CAIRO – Few places are associated with such iconic and romantic images as Egypt. The pyramids, camels crossing the desert, felucca sailboats with their triangular sails gliding up the Nile, the ruins of Luxor and the haunting sound of the evening call to prayer as it echoes over the rooftops of Cairo.

A felucca sailboat with triangular sails glides quietly up the Nile. Pulse News Mexico photo/Rich Grant

The amazing thing is how easily accessible all of these places are. Egypt was one of the world’s first leisure tourism destinations. Romans and Greeks used to vacation in Egypt eons ago, and Thomas Cook & Company from London started running excursions to Egypt in 1869, where it was popularized as part of the “World Grand Tour” by dozens of writers from Mark Twain to Agatha Christie.

Unfortunately, being associated with early tourism means that even today, people associate Egypt with rough adventure travel – exotic foods, travel by camel caravan, sleeping in Bedouin tents.

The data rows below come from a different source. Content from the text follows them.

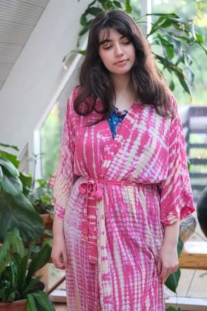 **Natalie Martin’s tie dyed fabric is 100% dyed by hand. Variations in the color and pattern are a natural result of this intensive handmade process. In particular, their Tie Dye prints can vary widely; some styles may have more white than pink or vice versa. We cherish these differences, for they add to the unique charm and beauty of each piece.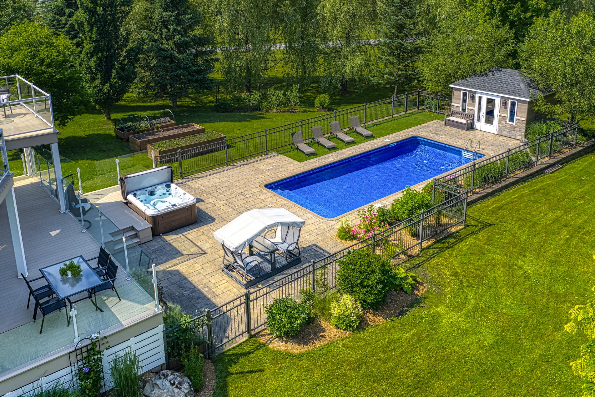The backyard offers a large, heated, saltwater 13x32 ft in-ground pool, fully fenced and surrounded by inviting lounging areas. The landscaping is meticulously maintained, featuring a variety of trees and beautiful flower gardens. With several terraces to choose from, you'll always have the perfect spot to relax or entertain outdoors!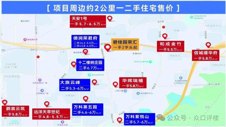 周边约2公里范围,坂田在售新房住宅售价普遍在4.8-6.5万元/㎡;二手住宅售价普遍在4.2-6.7万元/㎡。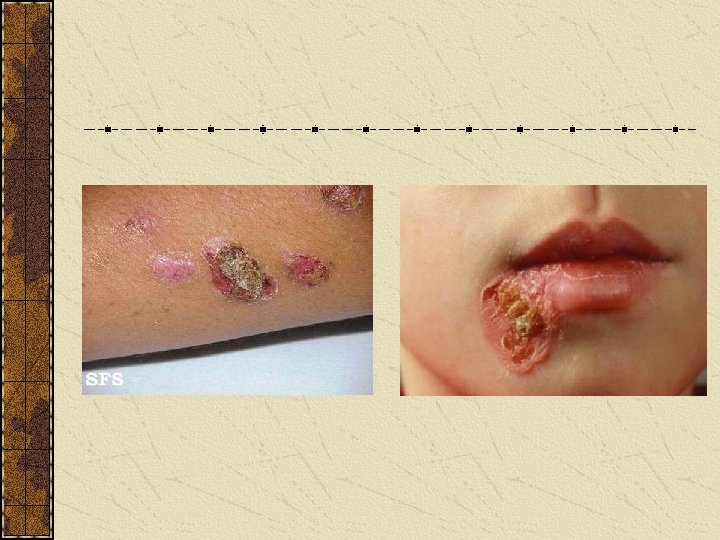 Clinical features 1 ry lesion: vesicle Crust is formed when the lesion becomes dry.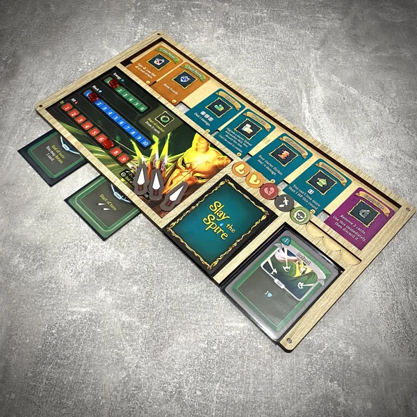 Améliorez votre expérience de jeu grâce à notre ensemble élégant et soigneusement conçu de plateaux et de couvercles pour le jeu de société Slay the Spire. Tous les plateaux maintiennent en place les plateaux, jetons et cartes des joueurs, garantissant ainsi l’ordre sur la table. Plongez-vous dans le plaisir de planifier vos coups grâce à des accessoires soigneusement conçus, fruits de nos années d’expérience dans le domaine des jeux de société.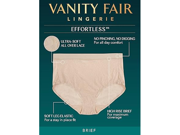 Vanity Fair Women's Effortless Panties for Everyday Wear, Buttery Soft Fabric, Brief-White Lace, 6

Well, of course, that’s nonsense. You can do that – if you choose. But you can also stay in luxurious modern resorts, upscale hotels or historic inns that compare with any in the world for food and service, and still be only minutes from 4,500-year-old antiquities. The romantic vision of Egypt has never been easier to see. And due to the political situation, it’s never been cheaper. Overpublicized reports of a few terrorist incidents have scared away European and American travelers, but the truth is, Egypt is as safe as anywhere in the world. The tourism industry employs 4 million people in Egypt and the Abdel Fattah El-Sisi government has made tourism safety one of its top priorities.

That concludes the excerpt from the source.